It feels like America innovates and the EU regulates.

Personally I’d like to see each do more of the other. But would that hamper the thing they’re doing better at? If America regulates more will there necessarily be less innovation?

For example, there are a number of bills in the CA legislature aimed at regulating the gen ai. I know that if CA makes these things illegal, they’ll just move to jurisdiction where it’s not.

tway_GdBRwW

4 days ago

A great deal of the innovation I've seen or read about has been pushing costs onto the public or other thefts of the commons. I see how this is a necessary feature of innovation (by definition "innovation" implies a new social contract over how a resource is used). But it is not clear this is a universal good, and the new contract often enriches a few at the expense of the many.

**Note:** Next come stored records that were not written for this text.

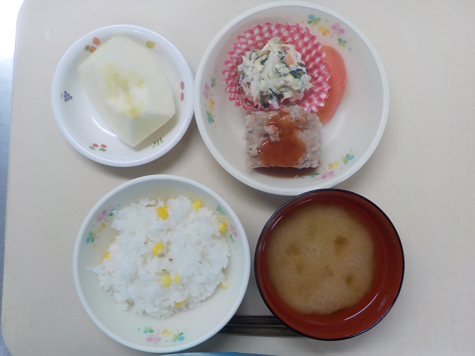 ホームきょうの給食 9/3 今日の給食 2021年9月3日 子どもたちが大好きな給食やおやつを毎日紹介しています! 【幼児食・乳児食】 昼食 とうもろこしごはん みそ汁 みんなのミートローフ 小松菜サラダ トマト りんご 3時のおやつ 牛乳 南瓜の水ようかん 10時のおやつ(乳児のみ) 野菜ジュース
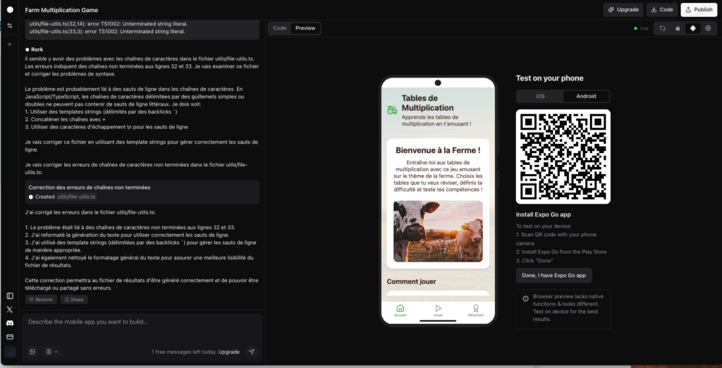 Tests et déployement local possibles sur téléphone via l’application Expo Go. Hébergement de la version web sur les serveurs de Rork.
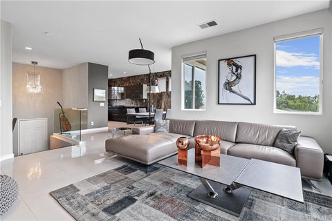 Welcome to 6 Cumberland Lane, perfectly situated on a great cul de sac street in the neighborhood of Woodlands at Westridge. This sleek modern split level 3 bedroom 2.5 bathroom home offers an unexpectedly sophisticated open feel behind the traditional exterior. Designer appointments, and smooth porcelain tile flooring can be found throughout this space offering an attractive modern palette emphasizing form and function, and further enhances its art like decor. A contemporary remodeled kitchen reveals dark smooth-faced cabinetry with modern pulls, stainless appliances and a light and bright dining area. A large light infused living room with generously sized windows offers a serene setting in which to gather. Main floor bedroom ensuite is full of natural light, offers a large walk-in closet with custom organization, and includes a truly remarkable, spa-like bathroom with enormous floor to ceiling glass shower with double rain like shower heads and floating modern cabinetry with modern fixtures. 2 additional secondary bedrooms on lower-level feed from the bonus room and create a full floor retreat perfect to suit a variety of needs, while providing the opportunity for complete privacy from the main floor. Downstairs Laundry with laundry sink and upper and lower storage cabinetry. Updated contemporary vanities in all bathrooms. Backyard patio offers a Zen like garden and private entertaining space with well-manicured plantings. Ideally located in close proximity to nearby schools, shopping, local beaches, Aliso/Wood Canyons Regional Park, hiking and biking trails and a multitude of dining options. Convenient access to local toll roads and 5 freeway makes commuting a breeze. Welcome Home!
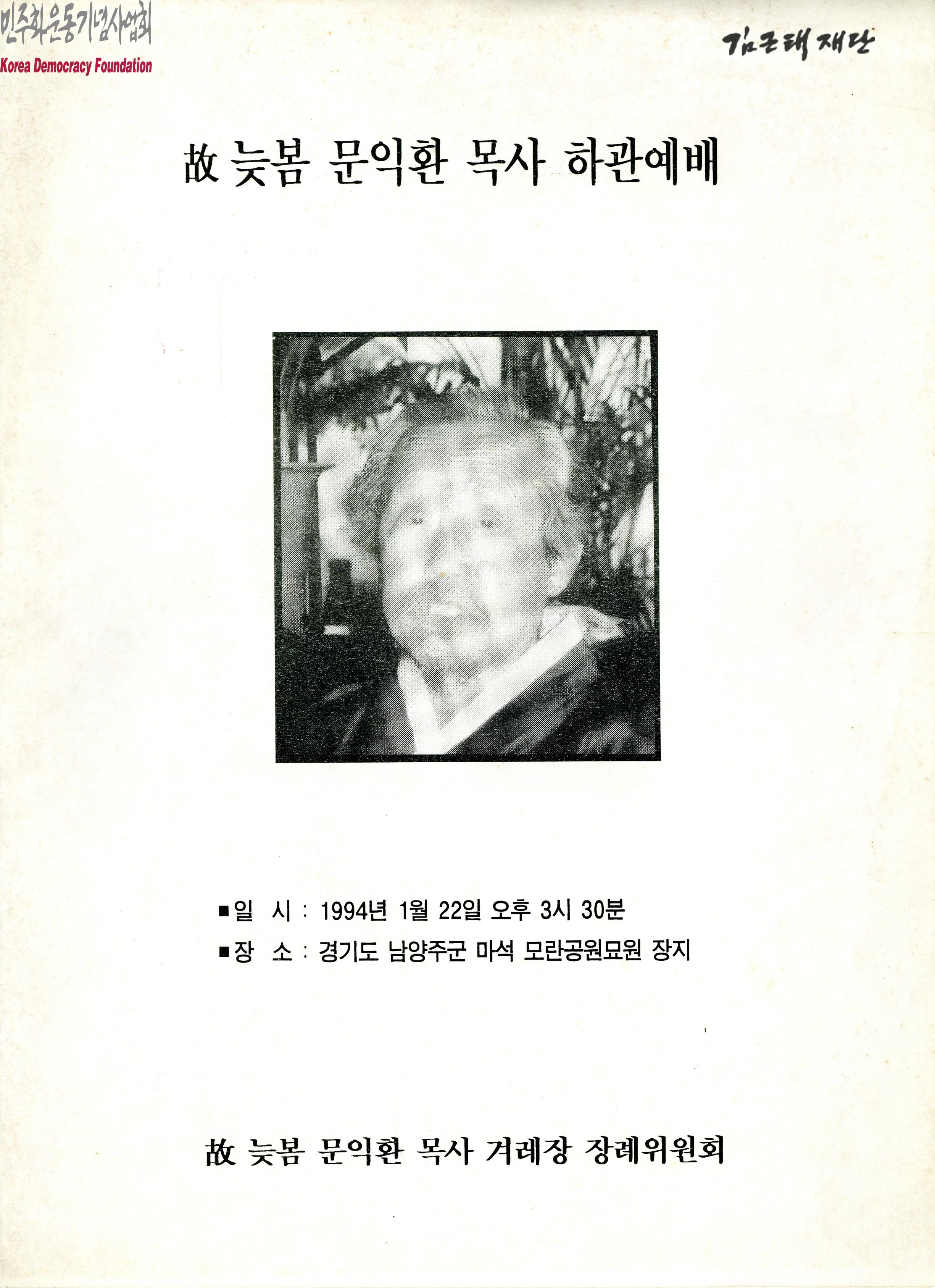 - 1994년 1월 22일 고 늦봄 문익환 목사 겨레장 장례위원회에서 발행한 팸플릿으로 예배 전 묵상, 개식사, 묵상기도, 찬송과 기도, 특송, 신앙고백 등의 순서로 하관예배가 진행될 것임을 안내하는 내용이 포함되어 있음
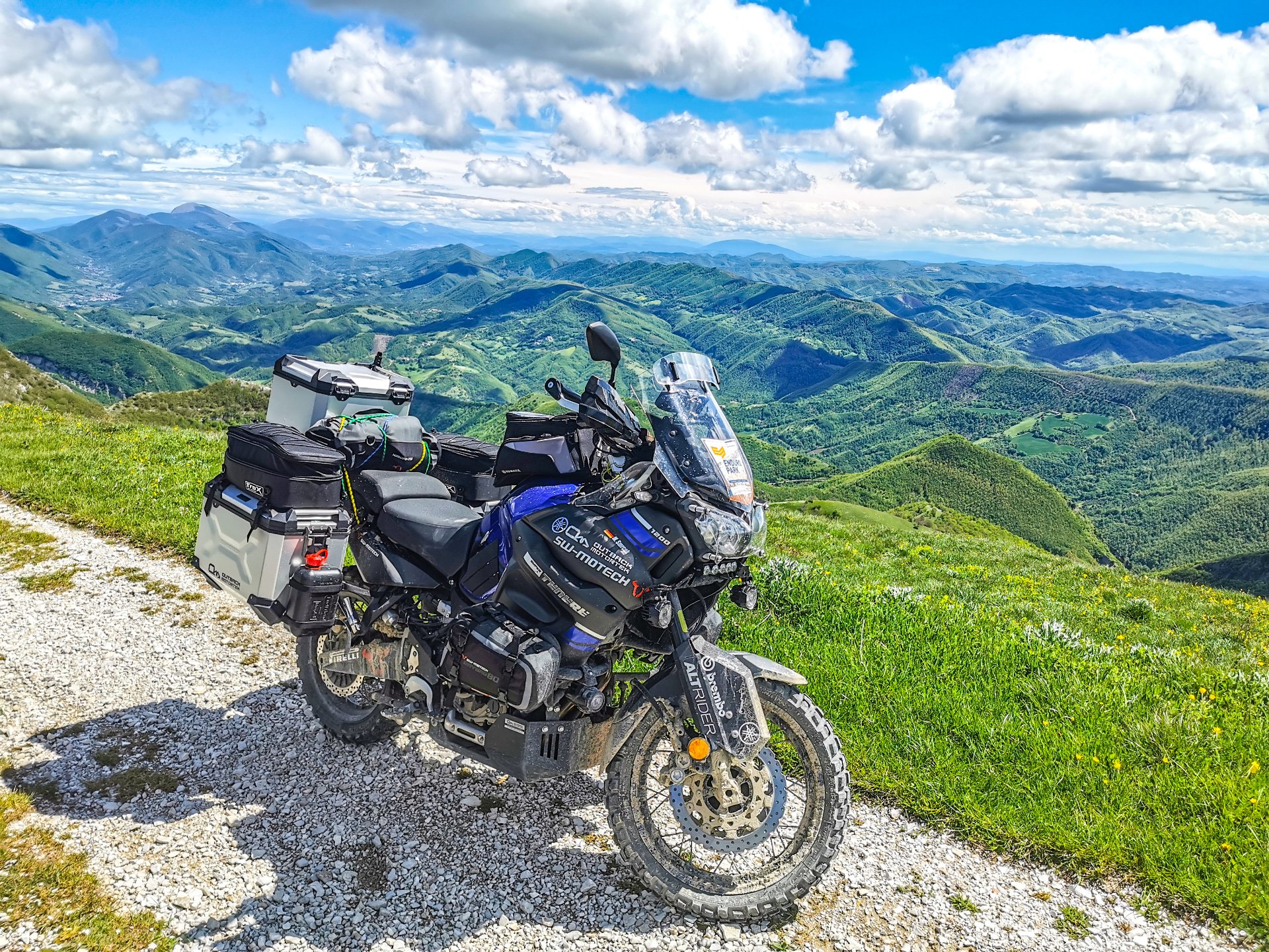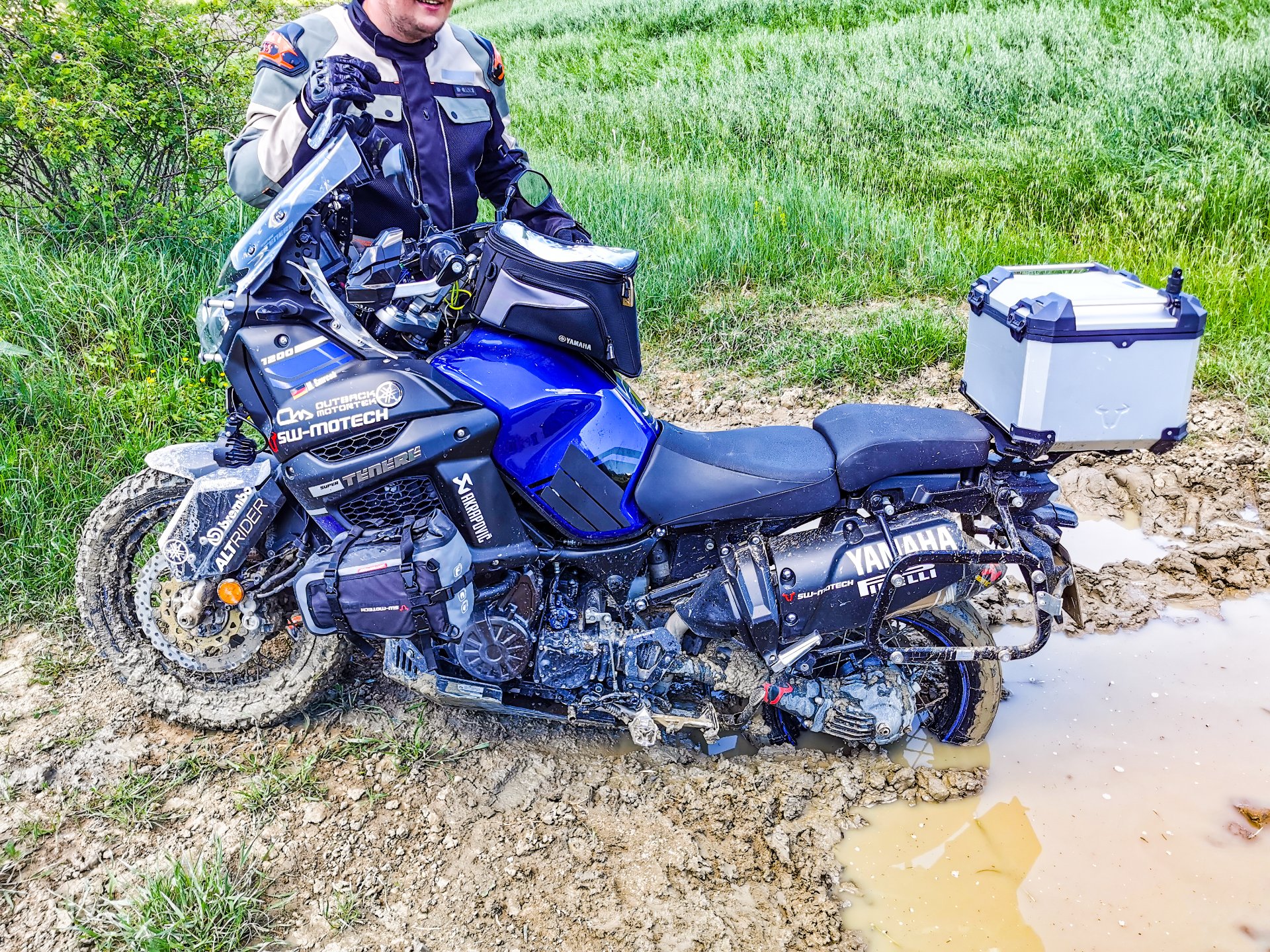 Ich fahre auf den Touren immer voll beladen ( Siehe Bilder ) und bin seit meinem ersten Offroadtraining vor 3 Jahren auch Sturzfrei im Gelände unterwegs.
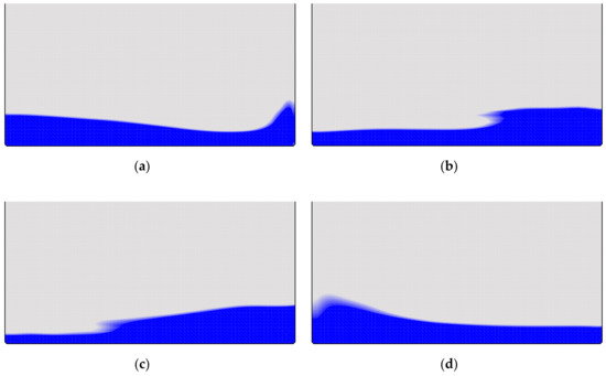 - Harlow, F.H.; Welch, J.E. Numerical Calculation of time dependent viscous incompressible flow of fluids with a free surface. Phys. Fluids 1965, 8, 2182–2189. [Google Scholar] [CrossRef]

Good regulation defends the commons/the rights of the many.

Good innovation creates a better standard of living for the many.

AlanYx

4 days ago

This is an astonishing document in the sense that you rarely see frankness like this coming out of the EC. It raises strong criticisms of a number of high-profile "core" regulatory initiatives, including the GDPR, DSA, and EU AI Act. There clearly is a fight building between the Thierry Breton camp and the Mario Draghi camp.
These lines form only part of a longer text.